Data extracts Start Marker

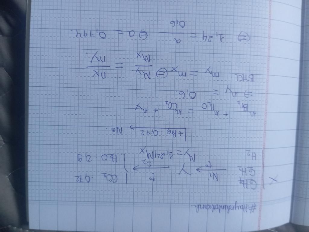 Nung nóng a mol hỗn hợp X gồm etilen , axetilen và Hidro với xúc tác Ni trong bình kín ( chỉ xảy ra phản ứng cộng H2) , thu được hh khí Y có tỉ khối so với X là 1,24.Đốt cháy hết Y , thu được 0,72mol CO2 và 0,9 mol H2O.Mặt khác , Y phản ứng tối đa với 0,42 mol Brom trong dung dịch.Tìm giá trị a.
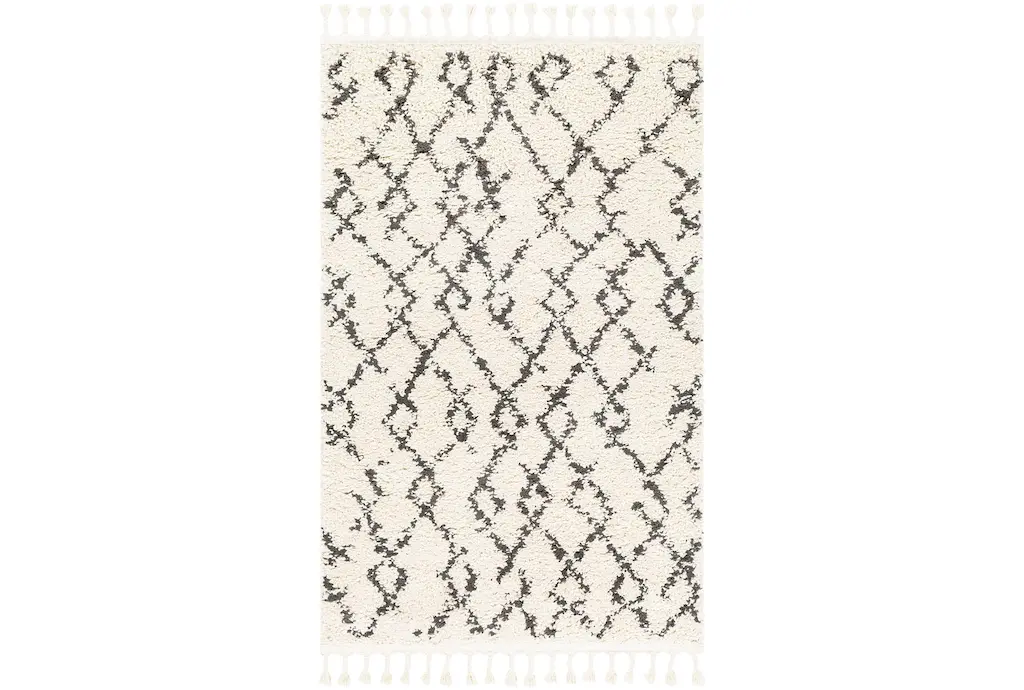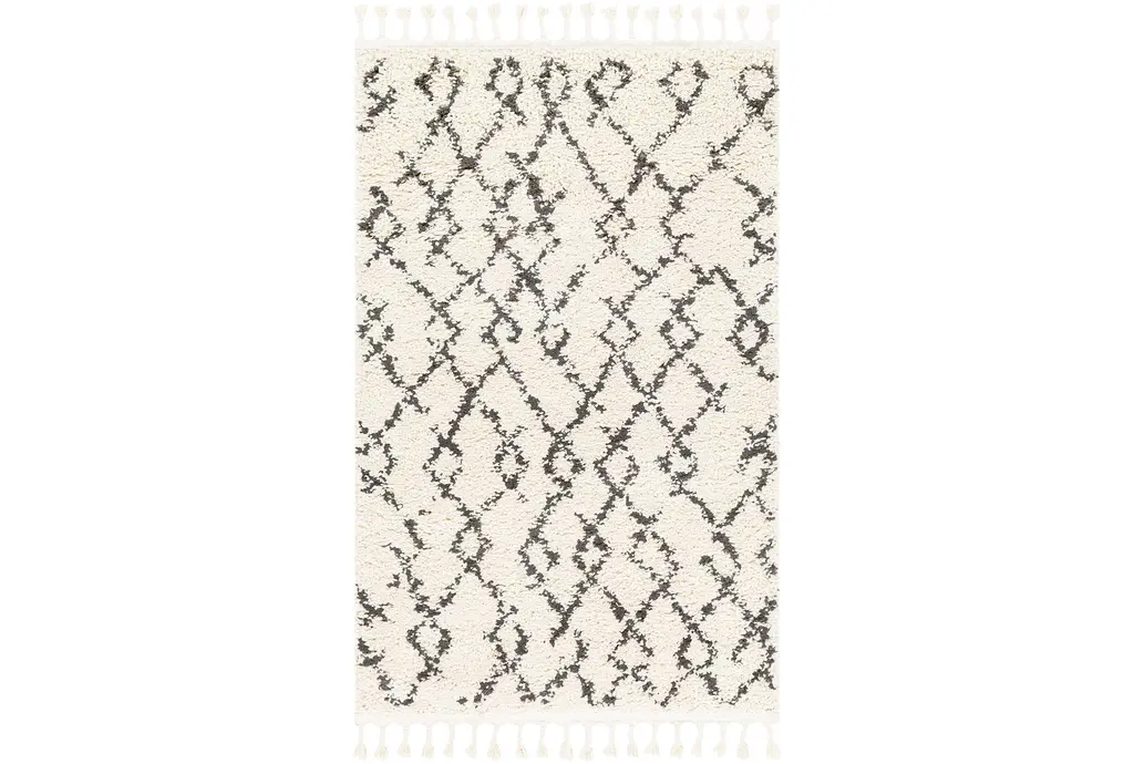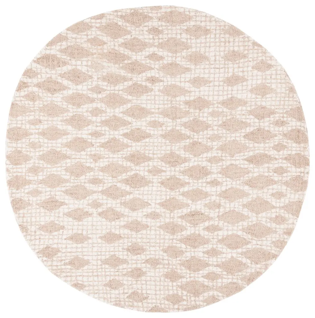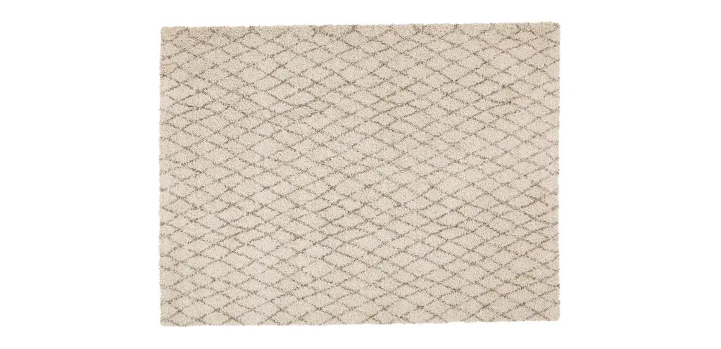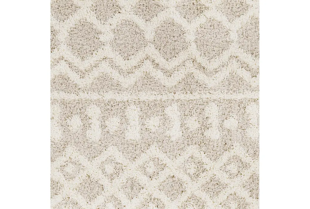 This 7'9" round rug boasts a high pile, shag texture that feels luxurious underfoot and adds a modern touch to any indoor space. Made from durable fiber, this cream and beige rug is perfect for the living room, dining room, or nursery.
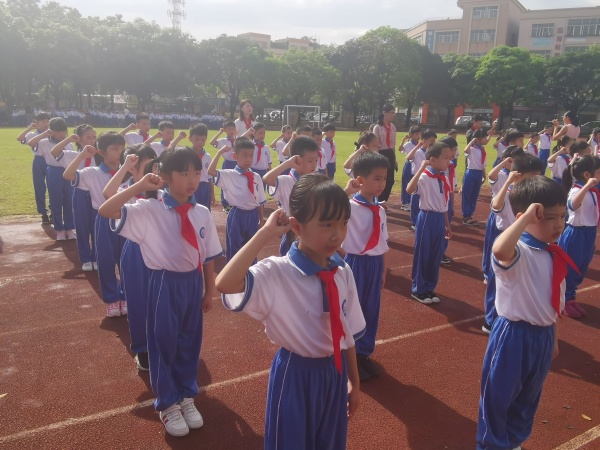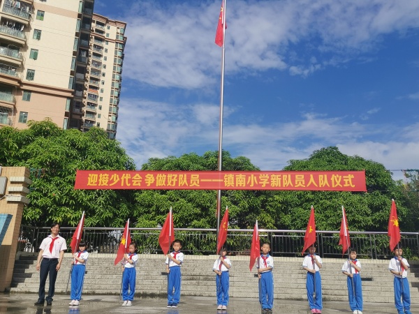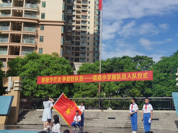 晴日暖風生麥氣,綠陰幽草勝花時。6月3日,鎮(zhèn)南小學在操場上舉行了新隊員入隊儀式。一年級共有112名新隊員在鮮紅的隊旗的見證下,光榮地加入了中國少年先鋒隊組織。
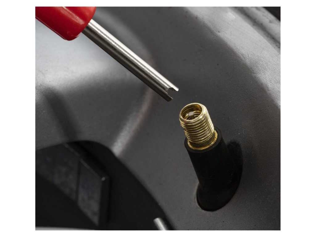 Pri nafúknutí pneumatiky sa vo ventile nachádza pružinová vložka, ktorú je potrebné vybrať kvôli uľahčeniu čerpania vzduchu. Vybratím vložky predídete jej poškodeniu vplyvom stlačeného vzduchu. Po dostatočnom doplnení pneumatiky a po odmeraní dosiahnutia požadovaného tlaku zaskrutkujte vložku pomocou kľúča spať do ventilu.
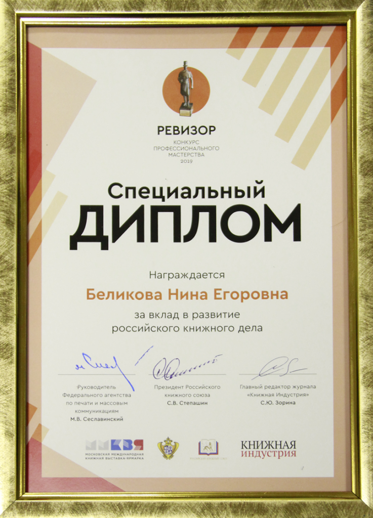 за вклад в развитие российского книжного дела - Беликова Нина Егоровна, генеральный директор «Дом Книги «Молодая Гвардия»
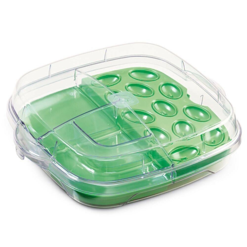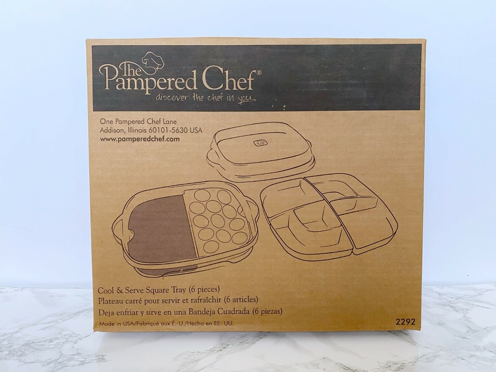 Pampered Chef Large Cool & Serve Tray 12" tray will keep food chilled for 4-6 hours. Great for barbecues, picnics and parties. 6 pieces includes 2 serving trays each with 1-cup dip wells. Condition is New. Shipped with USPS Priority Mail.

Data extracts End Marker

Exercise prompt - The answer must be an exact transcription of the lines from the one holding "за вклад в развитие" to the last line of the entries above, with no pictures and nothing else.

Answer to this exercise -
 за вклад в развитие российского книжного дела - Беликова Нина Егоровна, генеральный директор «Дом Книги «Молодая Гвардия»
 Pampered Chef Large Cool & Serve Tray 12" tray will keep food chilled for 4-6 hours. Great for barbecues, picnics and parties. 6 pieces includes 2 serving trays each with 1-cup dip wells. Condition is New. Shipped with USPS Priority Mail.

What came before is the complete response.